When faced with a financial crisis, most people usually think of using up their investments or taking a personal loan. While investment funds can help you save up on interest payments, they interrupt your financial goals in the long run. On the other hand, a personal loan comes with a high rate of interest that adds up to your existing financial problems. Therefore, in such cases, choosing the right kind of loan is important.
When looking up various loan options available in the market, people often fail to realize the value of their property. A loan against property or mortgage loan can be a good idea when in need of huge funds.
What is a Mortgage Loan?
A mortgage loan is a type of secured loan that you can avail of by keeping a commercial or residential property as a mortgage. It offers a simple solution to your financial needs as you get to use the locked-up value of your property without having to give up the ownership. Almost all banks, non-banking financial companies and housing finance companies offer a loan against property.
Why is Mortgage a Good Idea?
If you have a fully constructed commercial or residential property, then a mortgage loan is your best pick in comparison to other types of unsecured loans. A loan against property offers a higher amount at cheaper rates of interest. Besides, since this type of loan comes with no restrictions on end usage, the borrowed amount can be used for any purpose, be it for financing a wedding or your child’s education, starting up a business, funding a vacation, or simply paying for an unforeseen medical emergency.

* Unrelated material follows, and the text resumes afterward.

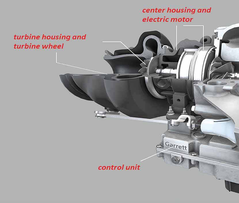 Garrett’s E-Turbo utilizes a high-speed electric motor positioned on the turbo shaft to spool the compressor more rapidly and eliminate lag, dramatically improving transient engine performance and lowend engine torque. The new technology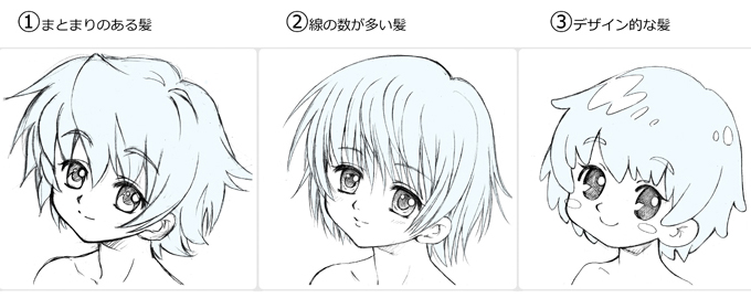 髪型は色々あります。それをきれいに描くコツは、その髪型の形を理解して髪の毛の生えている方向(流れ)にそって描いていくことです。

Benefits of a Mortgage Loan
If you are still unsure about whether to keep your property as a mortgage to avail of funds, then here are a few benefits of a mortgage loan you should consider.
Affordable Interest Rates
The mortgage loan interest rate typically ranges between 8.25% to 15%, which is relatively lower than unsecured loans, like a business or a personal loan. However, the interest rate depends on the loan amount, property value, repayment capabilities, and the type of interest rate chosen (fixed rate of interest or floating rate of interest). It is advisable to go for a fixed rate of interest only when there is a possibility of interest rates increasing continuously in the future.
Flexible Repayment Tenor
A mortgage loan can be availed of for a longer tenor up to 18 years. Bu elit semtimizde ataşehir vip escort bayanlar sizi bekliyor. Therefore, if your monthly expenses are higher than your usual savings, or if you are already paying EMIs for an existing loan, then you can simply opt for a longer tenor to reduce the financial burden.
A Large Sum
Lenders usually offer a hefty loan amount accounting to 75-90% of the property’s current market value. This means having a high-value property can fetch you a huge sum.
Quick and Hassle-free Processing
Upon meeting the eligibility criteria and submission of all the necessary documents, including copies of your address proof, identity proof, income proof, legal documents related to the property etc., along with a duly signed application form, NBFCs and banks usually initiate the loan processing, which takes 3-4 working day.
Lower Charges
A mortgage loan has lower prepayment charges and lower processing as compared to other types of loans. Therefore, you will need to compare the various charges by lenders before applying for this type of loan.
Refinancing Facility
With the value of the property going up, you can increase the loan amount – a process known as refinancing. This allows you to reap the maximum benefits of a mortgage loan kept as collateral, that too with fewer formalities.
Continued Ownership
Because a loan against property is taken against a mortgaged property, the rights are automatically passed on to the lender but you continue to have the ownership of the property. Moreover, you also have the option of deciding whether to rent out/lease the property.
If you are in need of a large amount and own a property that qualifies for a mortgage loan, then you should avail of the same because it is certainly a good way to go. Make sure you compare the various interest rates and EMI options. If you have a well-maintained commercial property and want to take a loan against that, you can use a commercial property loan calculator in advance to get an estimate of the monthly dues. The loan processing service is usually prompt. A loan against property is a long-term commitment, so before applying, check the different rates and charges applicable.